Nikita Khrushchev, Acker Bilk, James Brown, B.B. King. 
Who’s the odd one out?

Clue: it’s all about things we’ve seen on television.

The characters:
 
Nikita Khrushchev was the First Secretary of the Communist Party of the Soviet Union and the man who played nuclear bluff with U.S.A. President Kennedy. 

Acker Bilk is best known for his elegaic, mournful tune “Stranger on the Shore” which used as the theme tune for a BBC children’s TV show.  
James Brown was “The Hardest Working Man in Showbusiness”.

B.B. King is a Blues legend who plays a guitar called “Lucille”.

The incidents:

Nikita Khrushchev is also well known for banging his shoe on his desk at the United Nations to disrupt proceedings – an image seen throughout the world. Oh, he banged.

Acker Bilk’s band were featured on BBC TV in a London highlights segment of a Miss World show playing up a swinging storm. I kid you not – they were stonking.

James Brown started out as a street dancer and his flying feet led the way for many future artists in the same way that his funk rhythms defined subsequent black music. He demonstrated several popular 60s dance steps in about a minute during an interview with Jools Holland on Channel 4 (“The Tube”?). He flowed.

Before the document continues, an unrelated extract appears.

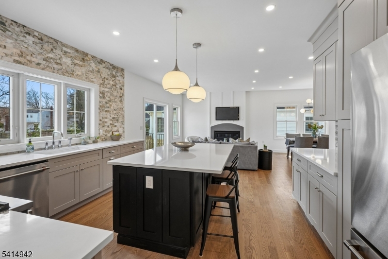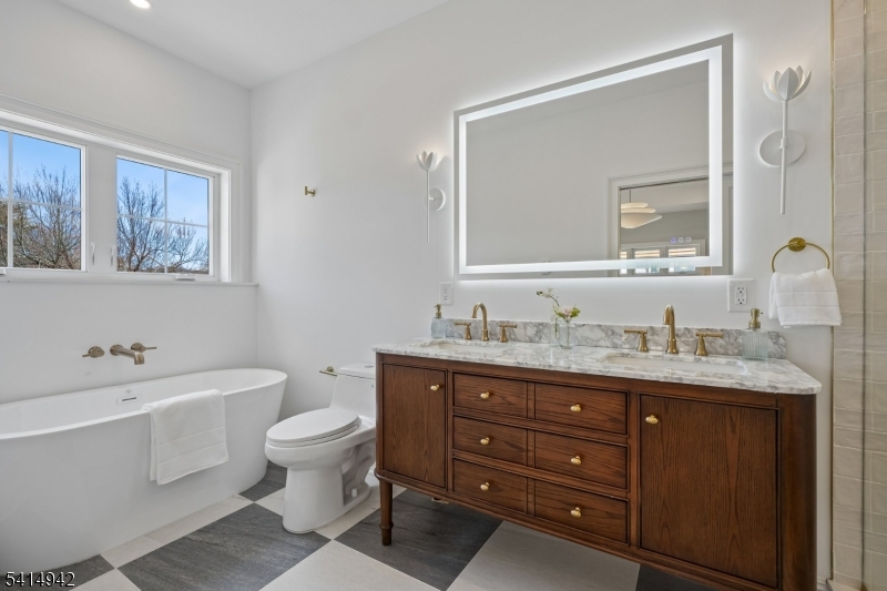 Stunning and spacious 5 bed, 4.5 bath new construction colonial thoughtfully designed and carefully constructed by Lefko Brothers. Step into a large foyer with views to the serene backyard. A private living room with custom wainscoting lends itself to easy conversation. Continue into an open dining space with easy access to the kitchen. A sunny, large family room with gas fireplace and sliders to the back patio will be your gathering spot year around. The gourmet chef’s eat-in kitchen includes Cafe appliances, 36″ Cafe range, quartz countertops, wood cabinets, stylish stone backsplash, under cabinet lighting, custom range hood and an over-sized island with seating. A convenient mud room leads to an oh-so-chic powder room with an oversized two-car garage just steps away. Walk up to four bedrooms, three full baths and convenient laundry room. The spa-like primary suite includes a large bath with double vanity, soaking tub and radiant heat. The luxurious bedroom, with tray ceiling and custom molding houses a generous walk-in closet. A second ensuite bedroom, and two additional bedrooms with jack and jill bath. Hardwood floors on 1st and 2nd levels, custom lighting throughout. The lower level with high ceilings includes a private office and bonus second family room with wet bar and wine fridge. A fifth bedroom and full bath provide privacy for overnight guests. The fully fenced, level backyard and custom patio are perfect for al fresco dining and outdoor play. Welcome home!
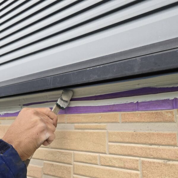 軒先水切り板金取り付けの様子です。

B.B. King appeared several times at the Montreux Jazz Festival in Switzerland. During one concert – shown on BBC (2?) – his band played a gospel song which showed the links between secular and religious black music, but which was clearly the great bluesman celebrating gospel music.

The answer:

The odd one out is Nikita Khrushchev. There are lots of clips on the Web and all show that he never did bang that shoe, except the clip that’s been doctored. 

The other incidents are all locked in my mind but, as the bureaucrat said: “If it’s not documented, it didn’t happen”.

So my plea is Please, Please, Please, do try to find anywhere on the Web (or anywhere else so that it can be posted) evidence of Acker swinging, James throwing out his feet and B.B. going home.